For the better part of a year, my goal had been to be the star of one of those forum threads. My goals had involved catgirls, heroism, and inexplicably grateful maidens.

Now I had different goals. If it had only been a few hours, my life would be waiting for me, intact. And now I was actually interested in living that life.

“Only a few hours,” I said, letting that sink in.

“We make time move quickly inside new customer heads,” Nyarin explained. “It saves on labor costs for hires like me. I work a week but only get paid for a day. It’s a ripoff.”

“It also keeps the spell more stable, kitty cat,” Truck-kun said, saying the last two words in English instead of Japanese like ‘kiti kyatto’.

Nyarin tensed when he said it. I wouldn’t have noticed it before we had lived together in Cafe Isekai, but there was a subtle crack in her usually fake perfect perkiness. I made a mental note to figure out what that was about.

Truck-kun continued with his detailed, nerdy mastery of the details of magic. “A new customer is more likely to require the Isekai to be reset. We’d rather do that when the spell is fresh, within a day or two. Resets can crash an older spell. You nearly crashed yours with all of those resets.”

Nyarin nodded. “After the customer settles in, I leave their head, let the spell run on autopilot, and crank the speed back down as low as the customer can tolerate. The goddess measures worship in real time. The slower time moves, the more energy she gets.”

“Oh,” I said, “that kinda solves a mystery the Truck-kun Isekai Fans have been puzzling over. Some Isekai stories happened in real time. A year in Isekai equaled a year in real life. For others, they had lifetimes pass in an instant.”

“Yeah,” Truck-kun admitted, “between the time dilation and fake memories people under the spell might have a very different subjective experience.

I nodded. We had fully discussed my plan. All that was left was to implement it and go home.

Home. The idea had a warmth to it that I had nearly forgotten could exist. “So,” I turned to Truck-kun, “are you ready to be our heroic villainess?”

Truck-kun made an unladylike gesture at me. “Let’s get this over with. If I’m going to have to defeat every Isekai we’ve fallen through, I want to get started immediately.”

The Isekai spell had been badly warped by my fake heroism. The only way out was to go through the current story, let that Isekai dissolve after it was completed, and then move backward to the previous one.

We’d fallen down a long path of about a dozen Isekai. We’d dig our way up one by one, defeating and completing each one. In my head was the nearly constant pressure of all of the previously created realities. No wonder the spell eventually failed for so many victims.

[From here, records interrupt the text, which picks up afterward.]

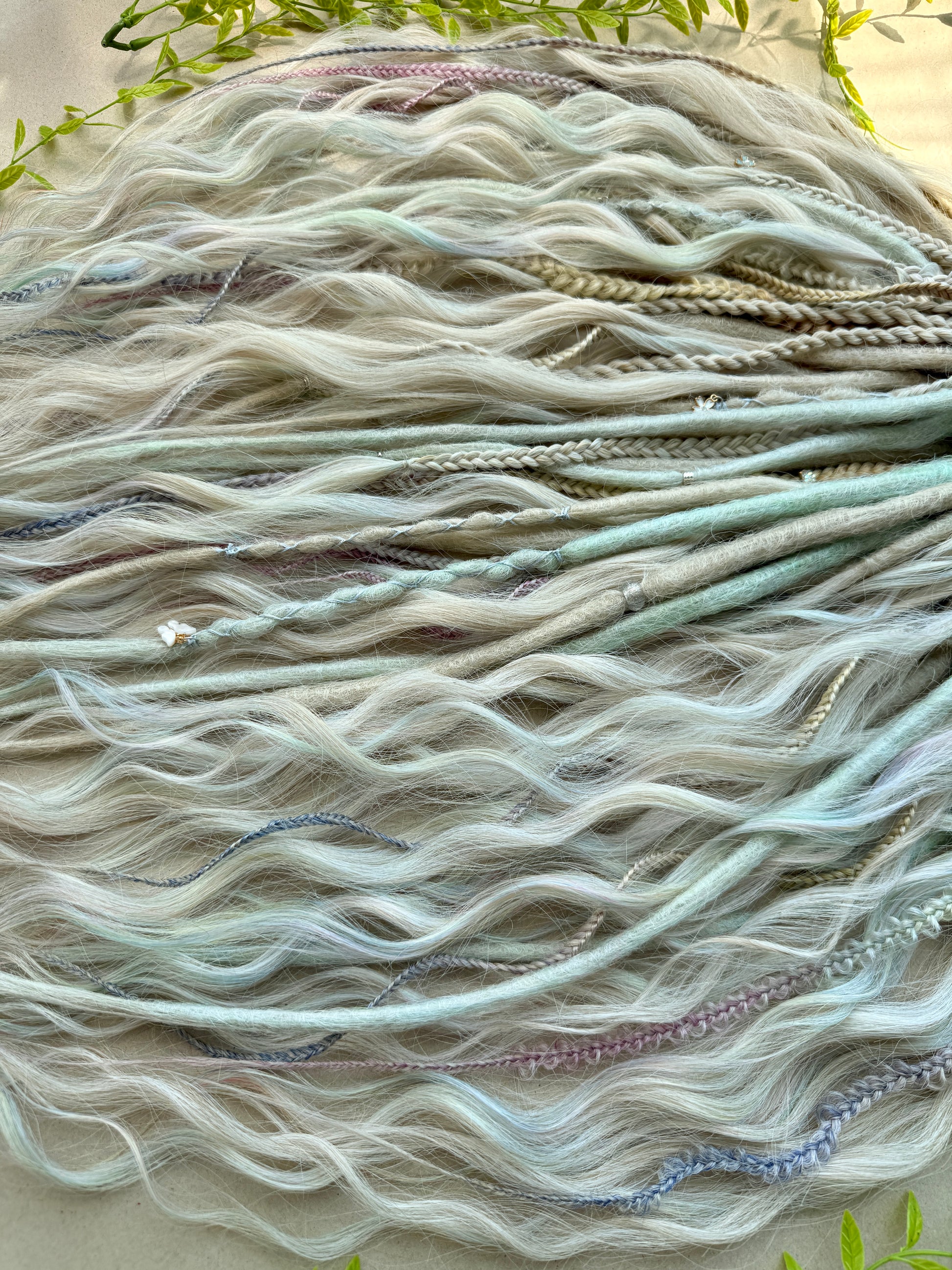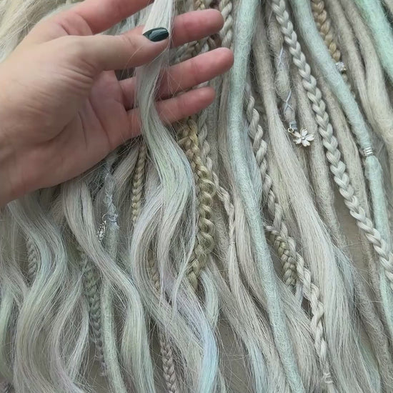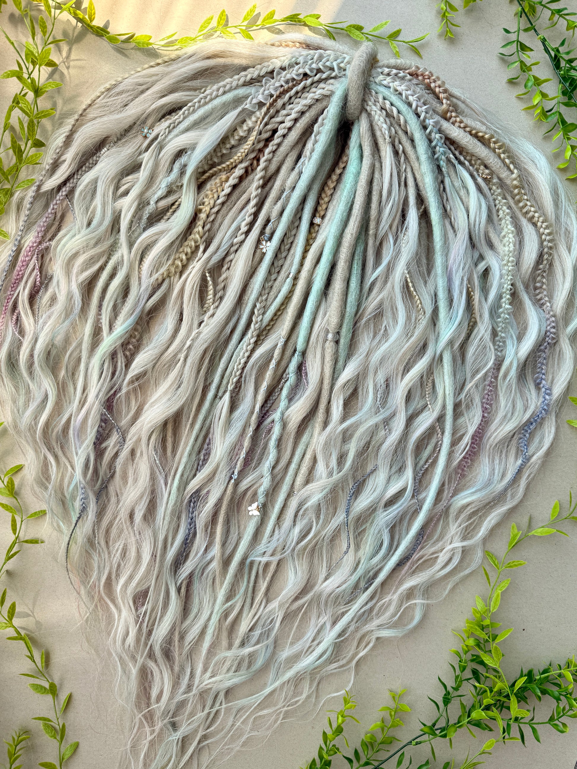 Pastel Rainbow Dreadlocks – Blonde, Mint & Lilac Full Set Fantasy Hair Extensions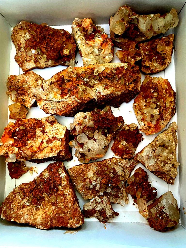 Onyx and I got on the way down there fairly early in the morning, intending to stop off at Justin`s with a load of flats and some larger druse plates, that he was in need of for his online store. He always has some nice and neat stuff, so I purchased a nice calcite from Mexico from him…pretty neat looking material….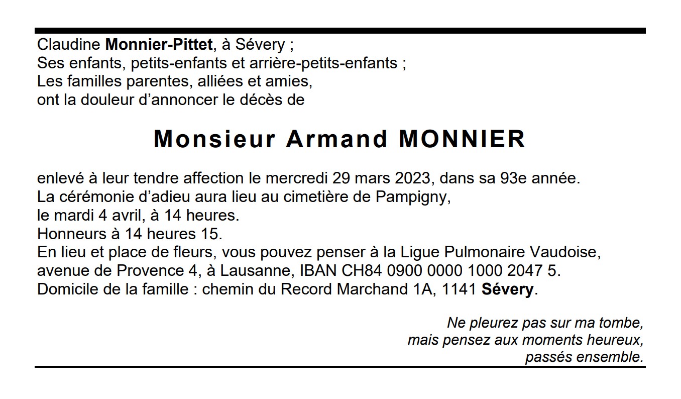 Monsieur Armand MONNIER 22 sep. 1930 - 29 mar. 2023 Avis mortuaire PFG Télecharger PDF Partager sur: Galerie PreviousNext PreviousNext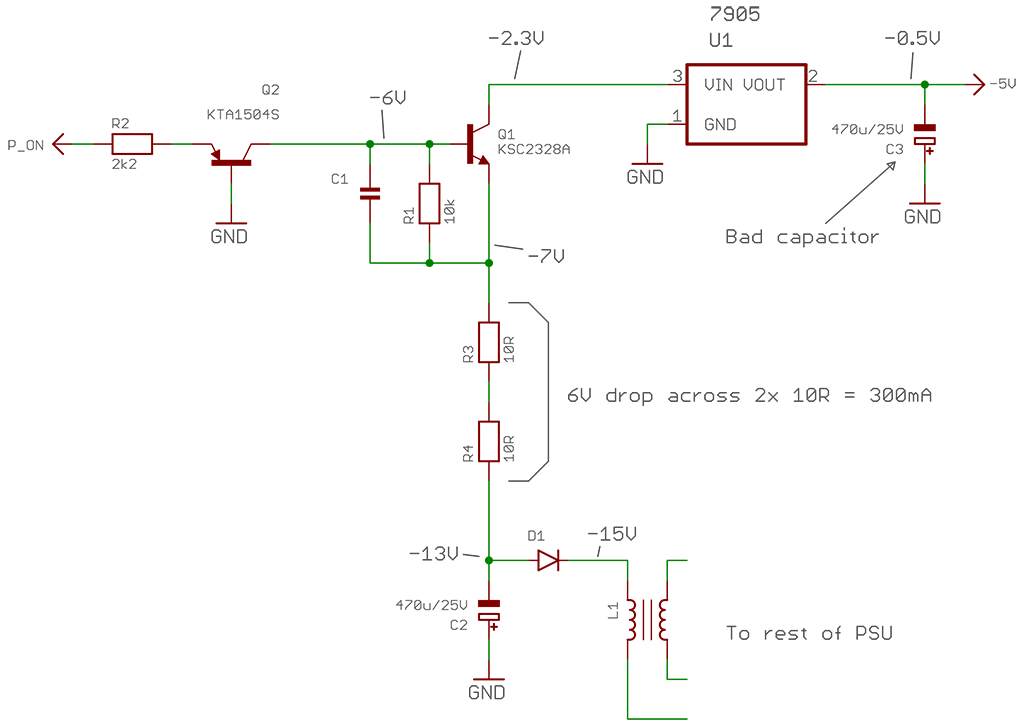 A bit of reversing engineering and probing around the power supply’s -5V rail resulted with this schematic and voltage readings:

I had asked Truck-kun if it might work to load up so many Isekai that either the spell or I collapsed under the weight of them.

“No,” he had said emphatically, “with the way the spell has been damaged, you’d almost certainly die, since humans don’t survive their head’s exploding.”

So we didn’t try that plan. Truck-kun was likely right about me not surviving a head explosion. The three of us ventured forth to enjoy an Isekai story. Just me, Nyarin, and the villainess of the story, Truck-kun.

“******,” the villainess cursed, “not another Isekai.”